# Sony's Game Plan in A7 and A7r Lenses?



## sonicbuffalo

I was wondering what lenses Sony expects us to use until they get lenses produced for the A7 and A7r line?  I want to use auto focus lenses, and I don't think I'm asking too much.


----------



## gsgary

Whats wrong with manual focus lenses, 
Voigtlander 50mmF1.5 asph M mount and Voigtlander close focus adapter, lens wide open at F1.5 and close up fully out


----------



## sonicbuffalo

Nice picture and focus, but I would like auto focus and zoom, not a prime.  Primes are very limiting for my style of photography.  Very good image though!


----------



## gsgary

The 55mm and 35mm are good lenses that auto focus, im not sure Sony will make many zooms for this camera because it shines with primes, what is your style ?


----------



## sonicbuffalo

I like landscapes, and have taken some portraits (used a Sigma 105 f/2.8) when I had my Nikon gear.  I also like urban landscapes and good old buildings and cars.  I have taken car shows where I needed the zoom to eliminate the peepers.....didn't want them hogging the scene.


----------



## bwana4swahili

sonicbuffalo said:


> I was wondering what lenses Sony expects us to use until they get lenses produced for the A7 and A7r line?  I want to use auto focus lenses, and I don't think I'm asking too much.
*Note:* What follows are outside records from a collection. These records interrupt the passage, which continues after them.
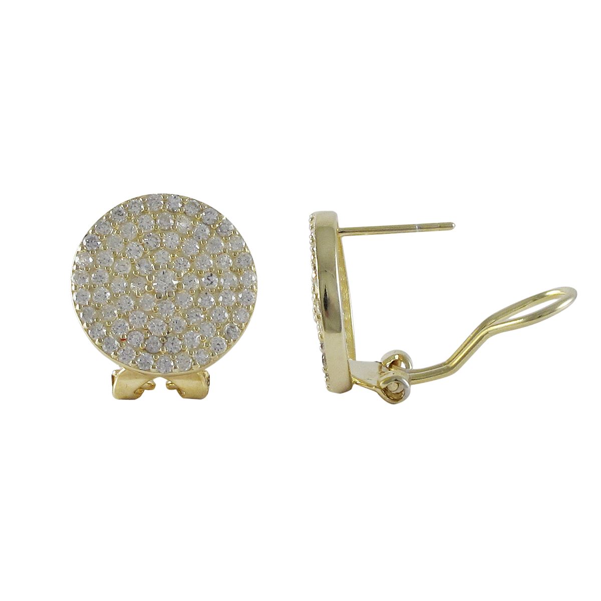 Gold Tone Sterling Silver 16Mm Round CZ Post Clip Earrings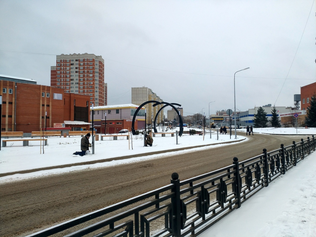В мороз кладут брусчатку, в снегу прикручивают провода к крутейшим светильникам на бульваре "Молодой Подольск".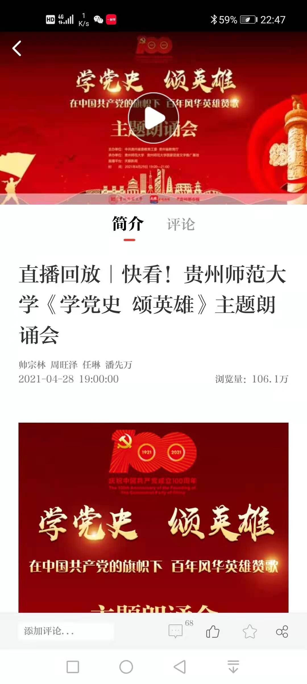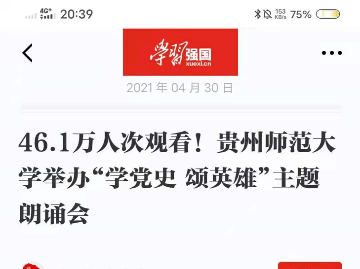 学习强国报道:46.1万人次观看!贵州师范大学举办“学党史 颂英雄”主题朗诵会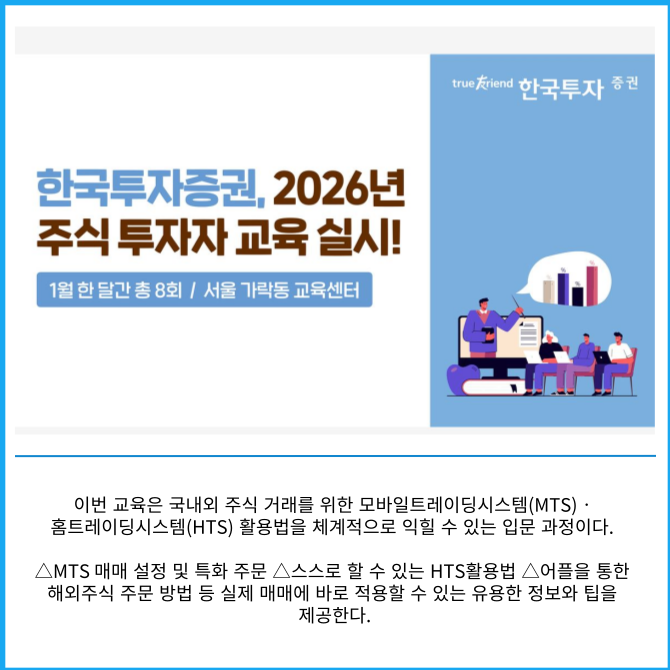 [프라임경제] 한국투자증권은 개인고객의 성공 투자와 건전한 투자 문화 조성을 위해 2026년 1월 한 달간 서울 가락동 교육센터에서 '주식 투자자 교육'을 실시한다고 8일 밝혔다.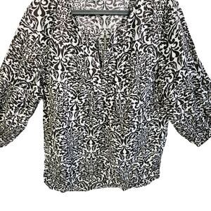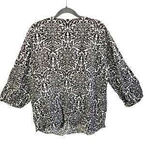 Yvos Women's Size XL Flowy Peasant Blouse Cream Brown Baroque Linen Blend Boho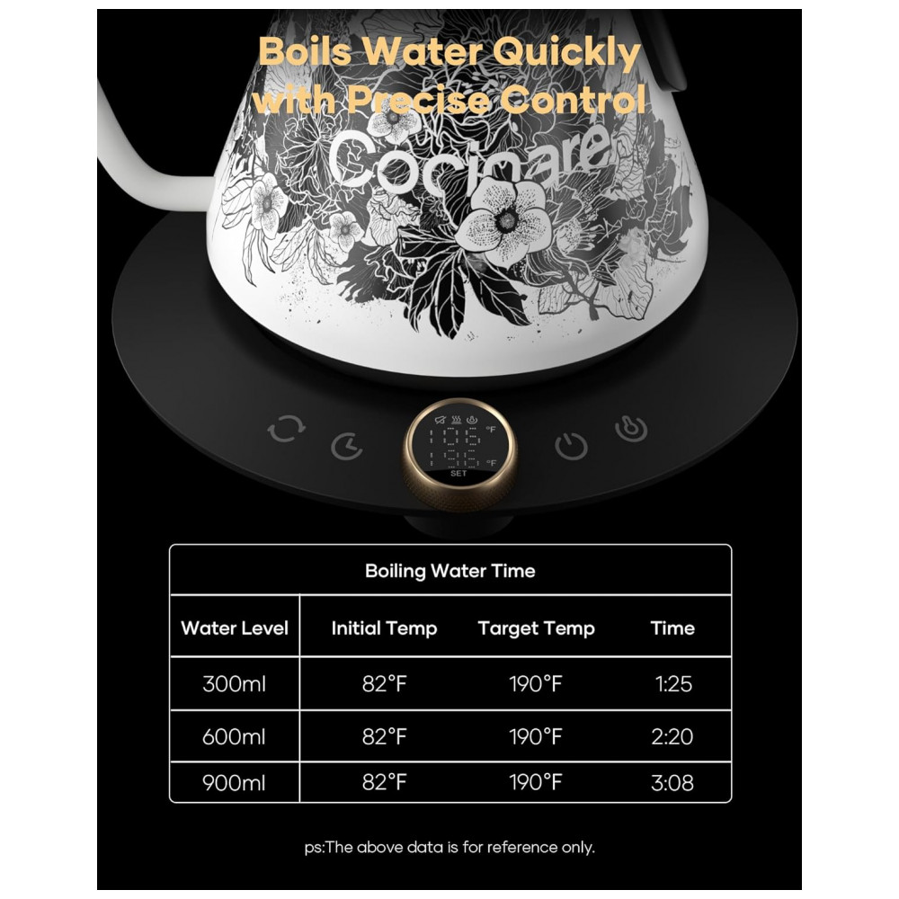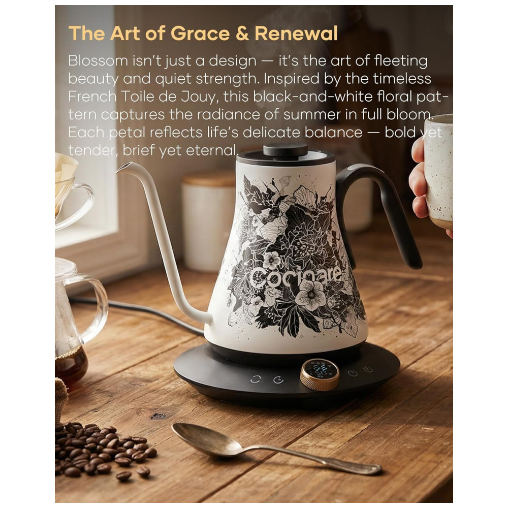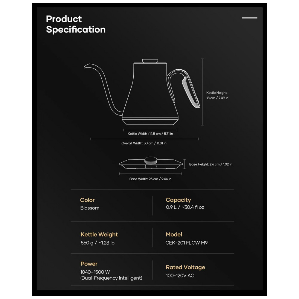 Chaleira elétrica pescoço de ganso Cocinare FLOW M9 09 L inox controle de temperatura 1200W 110V Blossom

You can use almost any lens in existence with the Sony A7 Series of cameras.  I use Canon, Minolta, Pentax, M42 and T2 lenses.  There are several good automatic adapters available; although, I will admit autofocus is slow through an adapter.
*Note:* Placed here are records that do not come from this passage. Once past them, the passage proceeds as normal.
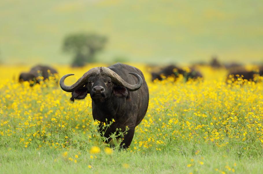 Buvol africký patří k nejnebezpečnějším zvířatům Afriky a nezalekne se ani smečky lvů. V kráteru jsme byli svědky toho, jak statní býci chránili mláďata před útokem mladé samice lva, které se před útočícími buvoly dala na okamžitý ústup.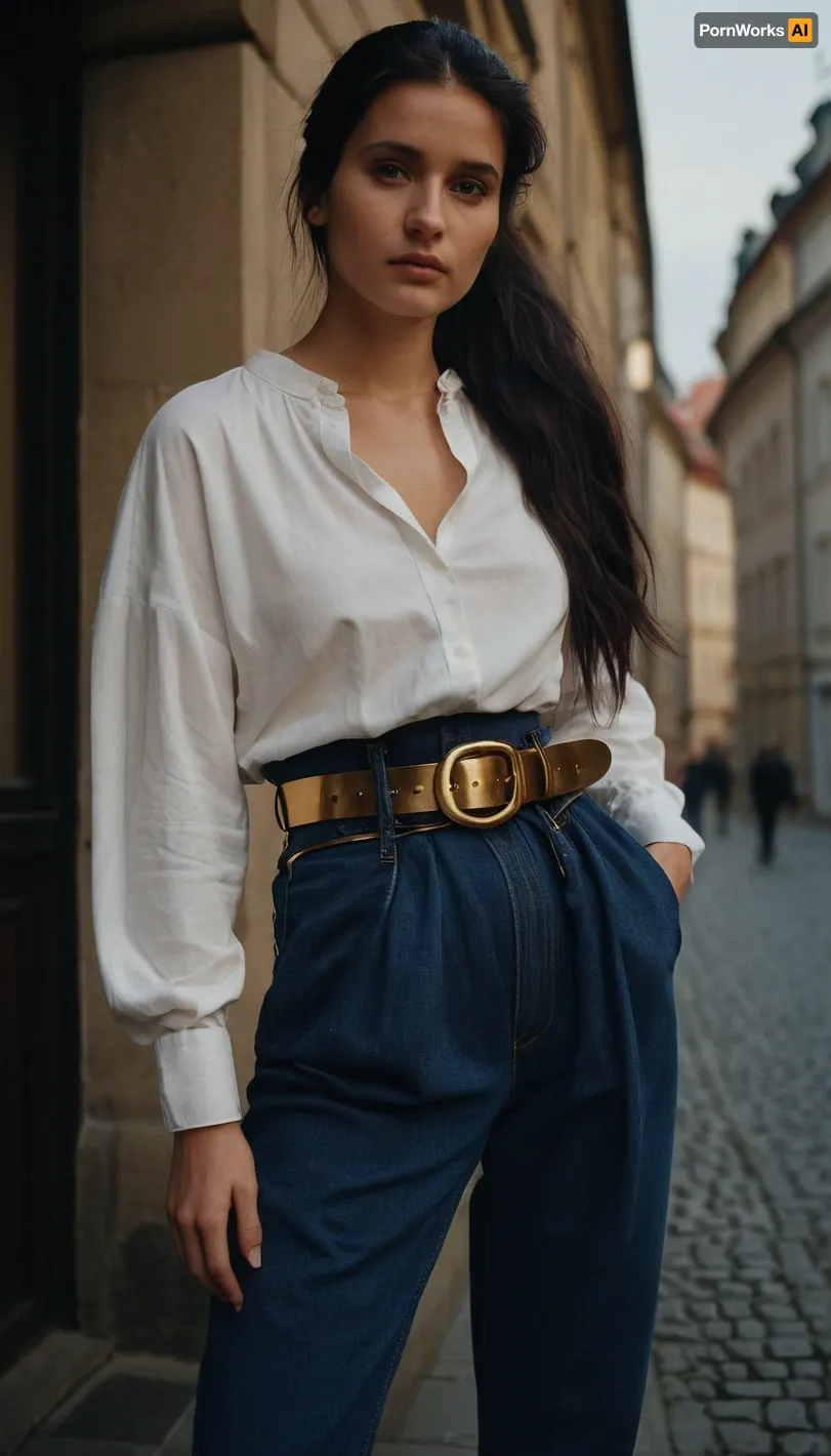 dark blue baggy paperbag slouchy jeans, very long hair, gold belt, prague, slouchy style, ponytail, black hair, white blouse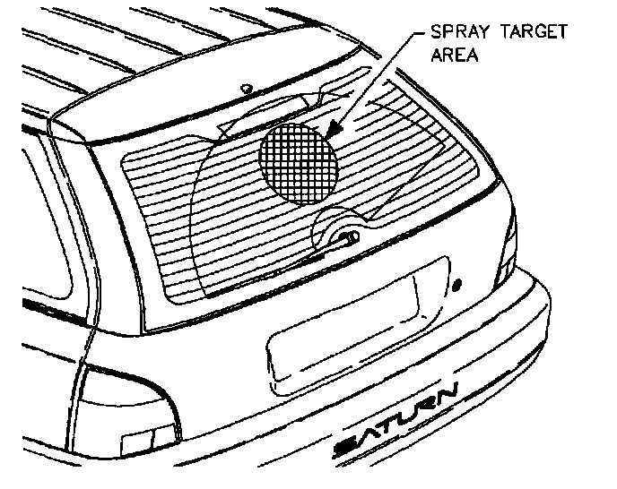 REAR WASHER NOZZLE ADJUSTMENTWasher nozzle adjustment can be made by placing a pin, tack or equivalent pointed tool into the hole in center of the washer nozzle and pushing or pulling in the desired direction. Retest spray pattern after adjustment is performed.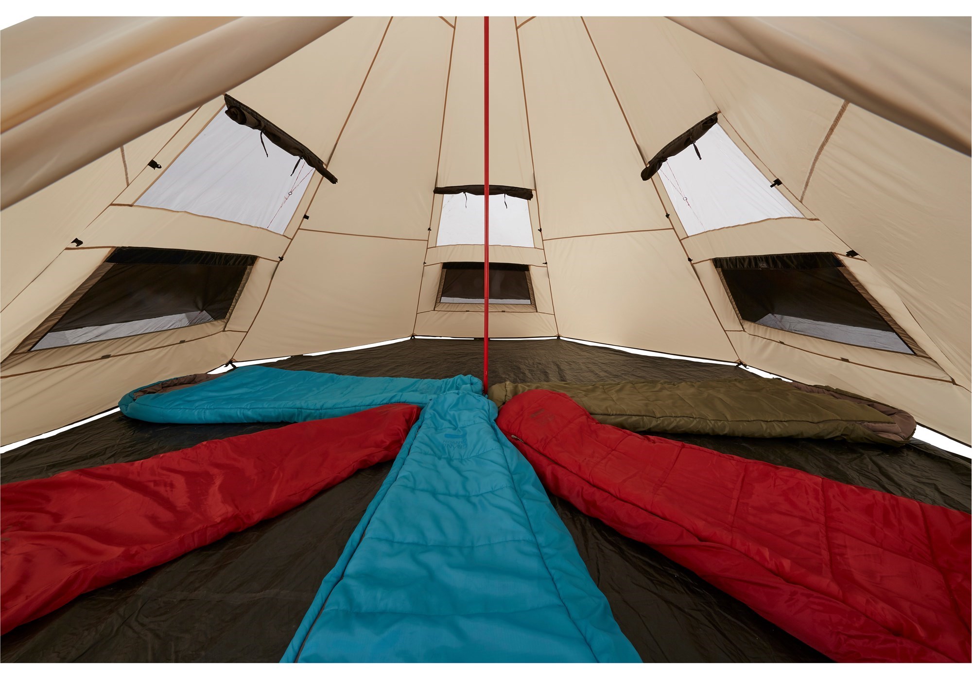 Grande tepee in tessuto poliestere con un'insolita asta centrale in acciaio, leggero, facilmente trasportabile, semplice da montare.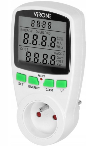 - Miernik mierzy pobieraną energię oraz oblicza jej koszt, podaje zużycie CO2 dla kontrolowanych urządzeń.

I have one Sony lens, the 28-70mm kit lens for the A7, that works well as a general purpose lens on the A7 and A7S.  Probably marginal on the A7R but still quite usable.

bwa


----------



## sonicbuffalo

Dear Bwa....,

Yes, I realize that you can use almost any type of lens with the A7, but first, I would want full frame, and second, don't want to lug a behemoth of a lens, and thirdly, I don't won any of those lenses you mentioned, and don't want to invest in anything that's not an A7 native lens.  I guess I'll be waiting.  I am planning on buying the 70-200 mm f/4 Soney FE lens though, hopefully tomorrow.  Thanks for your comments though...I do appreciate the response.


----------



## gsgary

sonicbuffalo said:


> Dear Bwa....,
> 
> Yes, I realize that you can use almost any type of lens with the A7, but first, I would want full frame, and second, don't want to lug a behemoth of a lens, and thirdly, I don't won any of those lenses you mentioned, and don't want to invest in anything that's not an A7 native lens.  I guess I'll be waiting.  I am planning on buying the 70-200 mm f/4 Soney FE lens though, hopefully tomorrow.  Thanks for your comments though...I do appreciate the response.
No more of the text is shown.